What we are reading, watching, this week

Unfortunately while most of my colleagues were at the Global ABS conference in Barcelona, I was laid up with a bad back for the first couple of days, neglecting my editing cover duties. 

But this, and the lack of interesting earnings releases failed to dampen my colleagues’ content drive. I particularly liked our latest Cloud9fin podcast from pod debutants Hazik Siddiqui and David Orbay-Graves musing upon SBB, with Hazik taking pronunciation lessons from resident Swede Hannes on our engineering team. 
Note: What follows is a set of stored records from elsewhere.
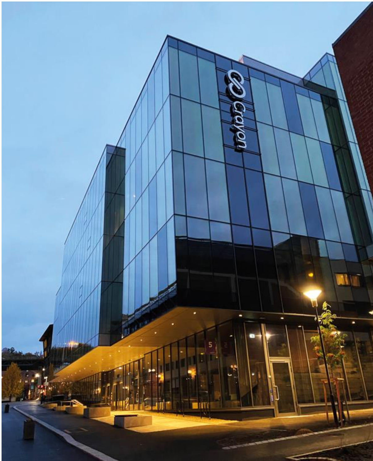
Gullhaug Torg 5, Oslo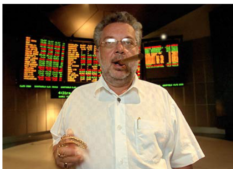
เรเน่ วอลเตอร์ เรฟกิน (Rene Walter Rivkin)

“ผมเกลียดวันสุดสัปดาห์ เพราะว่า... ตลาดปิดทำการ”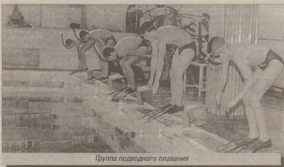
Группа подводного плавания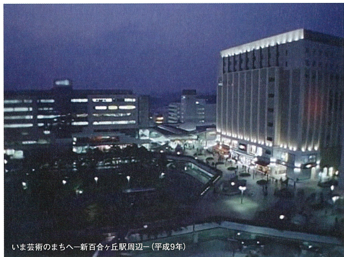
いま芸術のまちへー新百合ヶ丘駅周辺ー(平成9年)

上映内容(予定)：早春の王禅寺／指定都市スタート／造成すすむ岡上菅農団地／さよなら黒川分校／ヨネッティー王禅寺オープン／柿生の里に”禅寺丸柿”実る／KAWASAKI しんゆり映画祭 など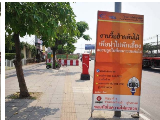
การติดตั้งป้ายประชาสัมพันธ์เพื่อให้ประชาชนรับทราบข้อมูลโครงการ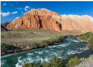
Lac de Son kul 📍 🚗 140km - ⌚ 4h Kyzyl-Oi 📍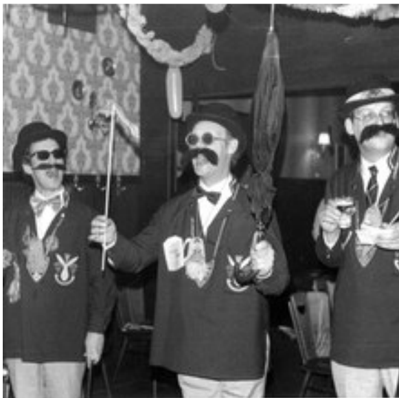
Over het Blikenstadse carnaval werd een expositie ingericht

galmbeker en héél veel medailles te voorschijn. Of Allow in zijn nieuwe woonplaats het carnaval kan ‘trekken’.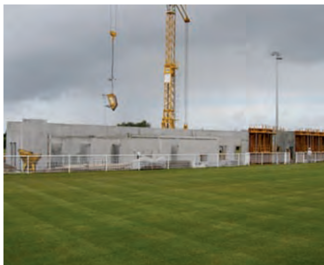
Changement de standing pour le RCC.

Depuis le temps qu'ils l'attendent, les membres du Rugby Club Concarnois ne dissimulent pas leur impatience de pouvoir enfin se produire sur le terrain du Vuzut. Le nouveau stade implanté sur une surface de près de 60 000 mètres carrés devrait être l'un des plus beaux de Bretagne. Une amélioration qui va de pair avec les nouvelles ambitions du club.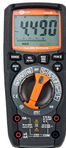
Sone! CMM-30 WMXXCMM30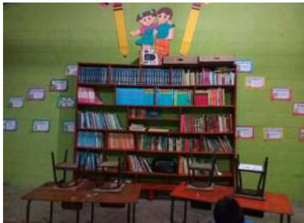
Fotografía 27: Instalación del rincón de lectura en el aula de segundo B.

El 14 de enero se instaló el rincón de lectura en el aula de segundo grado sección B, se colocaron los libros y se decoró el espacio. No estaría de más decir que los niños demostraron mucha emoción al observar los libros y querían leer todo a la vez, sin embargo, se les dio a conocer el horario de uso para el cuidado que deberían tener al utilizarlos.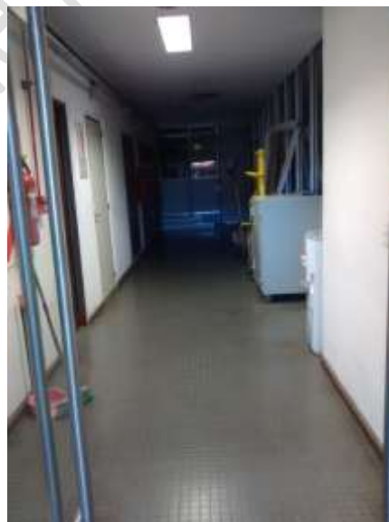
PB acceso a equipos repartidor y via de escape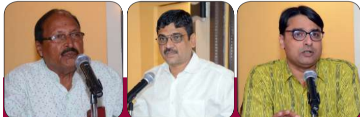
‘ସାକାର’ ପକ୍ଷରୁ ସତ୍ୟ ଆଲୋଚନା ସଭା

ବିଗ୍ରହରେ ଦର୍ଶନ ଦେଇ ନବଜଳେବର ତତ୍ତ୍ଵକୁ ପ୍ରକାଶିତ କରନ୍ତି ବୋଲି ସେ କହିଥିଲେ ।

One financial advisor was less impressed, as last Friday’s piece on the alleged covenant breach blew-up his SBB investor pitch scheduled for early this week, as we revealed a bunch of information which wasn’t in the public domain and was in his materials! 

Sticking with Sweden, the FT blames Beyonce for stubbornly high inflation — Bills, Bills, Bills, her Stockholm shows drive up hotel prices, contributing to the higher than expected reading for May!

Sometimes a headline is curious and bizarre enough to just click — h/t 9fin’s Brian Dearing 

What’s This About Disney, and King Charles III and Ron DeSanctis?

I don’t think that residents of this Scottish village are as idiotic as their local paper suggests:

As you know, I like to look for left field events which could upset the Macro consensus. The return of El Nino for the first time since 2016threatens Economic Destruction according to Bloomberg,could cause the hottest year ever, says the FT, with Atlantic ocean temperatures off the charts.

Selecta’s ESG intern appears to have made a rookie error in their latest presentation

Today’s Workout is out nice and early on a Summer Friday, as it’s my Birthday and I’m off to Lewes, the home of some of my favourite beers, BEAK and Harveys, amongst others.

Saturday will be working off a mild hangover and some of the self-inflicted Friday damage by walking 10-15 miles across the nearby South Downs — I hope your weekend will be as enjoyable.